:: Extracted material ::

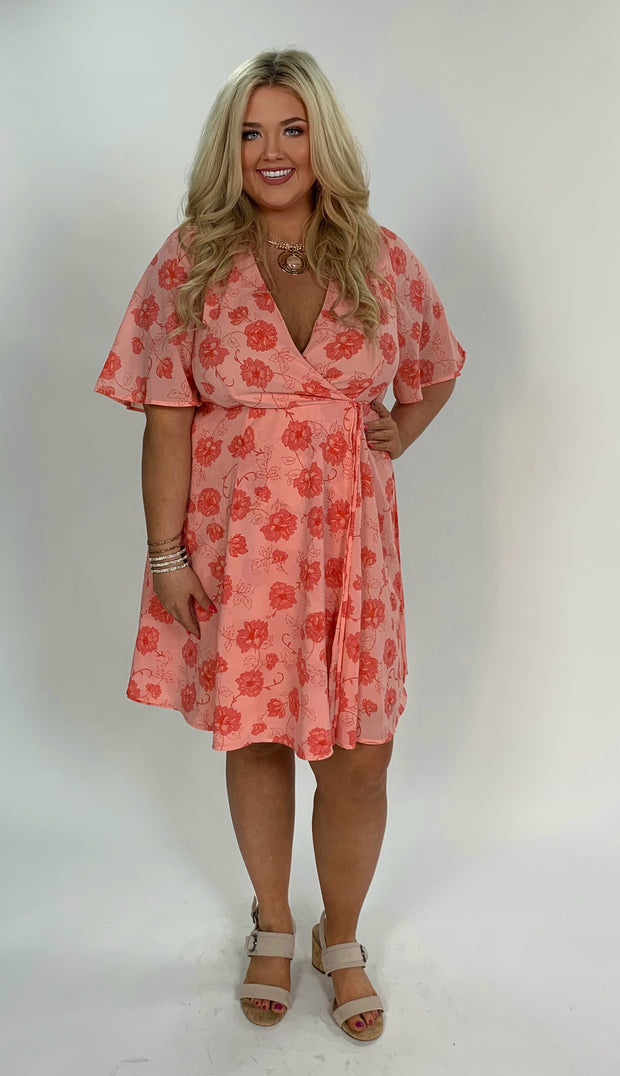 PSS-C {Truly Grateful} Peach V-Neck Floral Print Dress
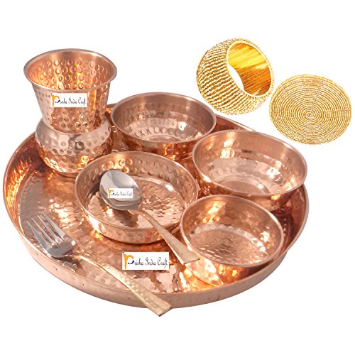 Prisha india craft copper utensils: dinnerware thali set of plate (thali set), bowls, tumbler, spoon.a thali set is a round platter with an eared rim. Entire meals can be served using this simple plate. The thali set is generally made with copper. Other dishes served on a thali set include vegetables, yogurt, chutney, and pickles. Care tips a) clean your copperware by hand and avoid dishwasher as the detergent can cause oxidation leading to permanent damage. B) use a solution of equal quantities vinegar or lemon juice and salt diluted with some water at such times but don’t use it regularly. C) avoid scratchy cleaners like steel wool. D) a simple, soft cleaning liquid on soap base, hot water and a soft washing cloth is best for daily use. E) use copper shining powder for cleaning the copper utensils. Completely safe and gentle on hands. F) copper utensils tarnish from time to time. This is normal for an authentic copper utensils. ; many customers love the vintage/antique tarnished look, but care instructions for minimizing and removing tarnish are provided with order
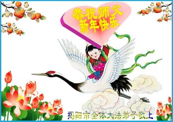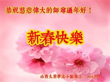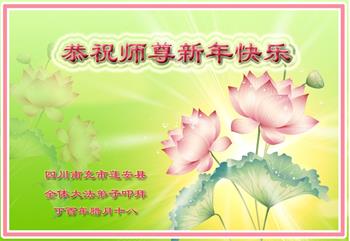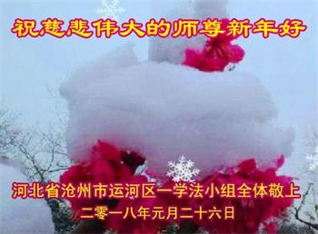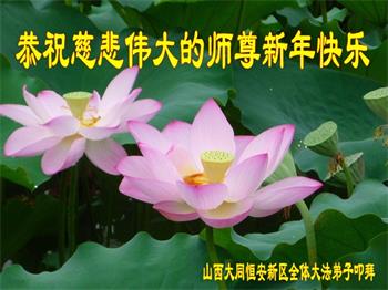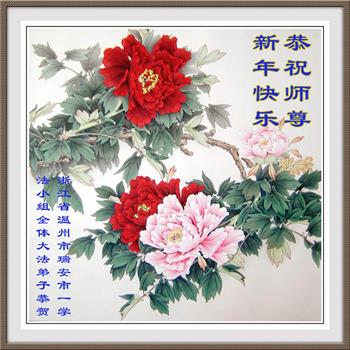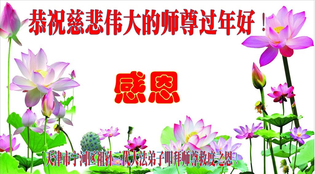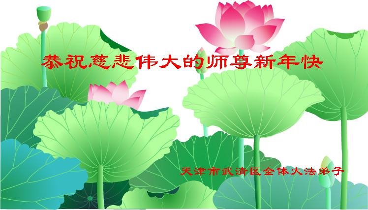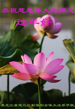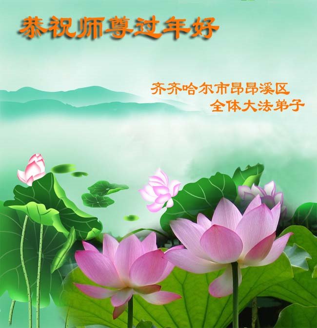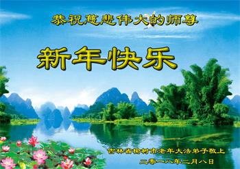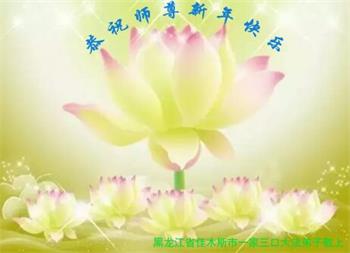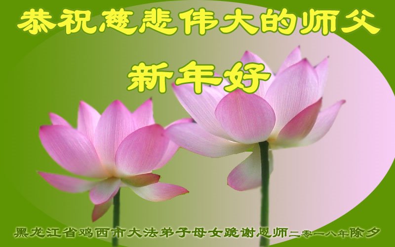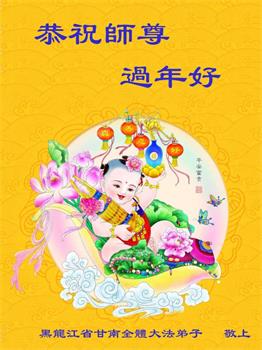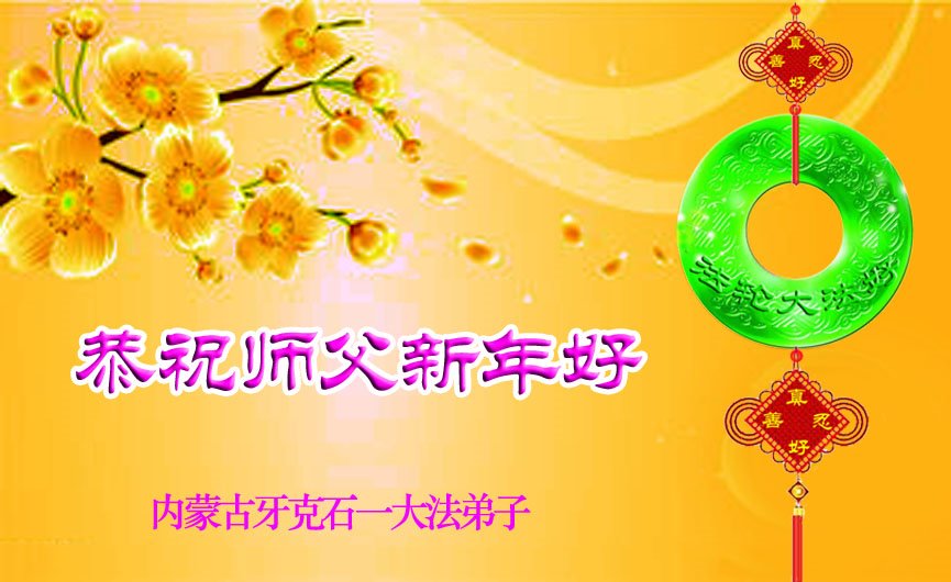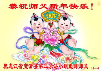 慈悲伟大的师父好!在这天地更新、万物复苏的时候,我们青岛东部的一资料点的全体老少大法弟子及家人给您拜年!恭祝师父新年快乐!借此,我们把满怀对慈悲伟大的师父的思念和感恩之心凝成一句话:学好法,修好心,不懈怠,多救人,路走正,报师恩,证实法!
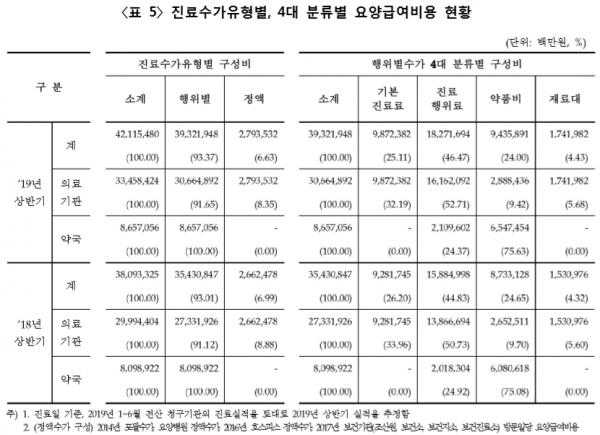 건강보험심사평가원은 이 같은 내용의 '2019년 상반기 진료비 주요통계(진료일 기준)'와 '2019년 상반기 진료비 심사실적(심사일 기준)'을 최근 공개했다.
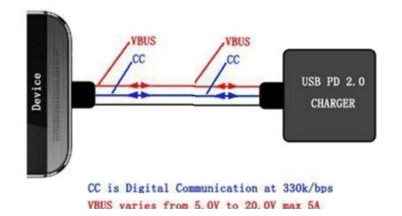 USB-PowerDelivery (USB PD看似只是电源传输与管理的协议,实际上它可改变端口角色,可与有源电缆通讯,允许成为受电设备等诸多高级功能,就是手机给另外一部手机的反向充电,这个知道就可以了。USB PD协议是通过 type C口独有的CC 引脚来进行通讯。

:::

* Problem to solve: Your answer must be the full set of entries, set down exactly and without pictures.

* Expected answer:
 PSS-C {Truly Grateful} Peach V-Neck Floral Print Dress
 Prisha india craft copper utensils: dinnerware thali set of plate (thali set), bowls, tumbler, spoon.a thali set is a round platter with an eared rim. Entire meals can be served using this simple plate. The thali set is generally made with copper. Other dishes served on a thali set include vegetables, yogurt, chutney, and pickles. Care tips a) clean your copperware by hand and avoid dishwasher as the detergent can cause oxidation leading to permanent damage. B) use a solution of equal quantities vinegar or lemon juice and salt diluted with some water at such times but don’t use it regularly. C) avoid scratchy cleaners like steel wool. D) a simple, soft cleaning liquid on soap base, hot water and a soft washing cloth is best for daily use. E) use copper shining powder for cleaning the copper utensils. Completely safe and gentle on hands. F) copper utensils tarnish from time to time. This is normal for an authentic copper utensils. ; many customers love the vintage/antique tarnished look, but care instructions for minimizing and removing tarnish are provided with order
 慈悲伟大的师父好!在这天地更新、万物复苏的时候,我们青岛东部的一资料点的全体老少大法弟子及家人给您拜年!恭祝师父新年快乐!借此,我们把满怀对慈悲伟大的师父的思念和感恩之心凝成一句话:学好法,修好心,不懈怠,多救人,路走正,报师恩,证实法!
 건강보험심사평가원은 이 같은 내용의 '2019년 상반기 진료비 주요통계(진료일 기준)'와 '2019년 상반기 진료비 심사실적(심사일 기준)'을 최근 공개했다.
 USB-PowerDelivery (USB PD看似只是电源传输与管理的协议,实际上它可改变端口角色,可与有源电缆通讯,允许成为受电设备等诸多高级功能,就是手机给另外一部手机的反向充电,这个知道就可以了。USB PD协议是通过 type C口独有的CC 引脚来进行通讯。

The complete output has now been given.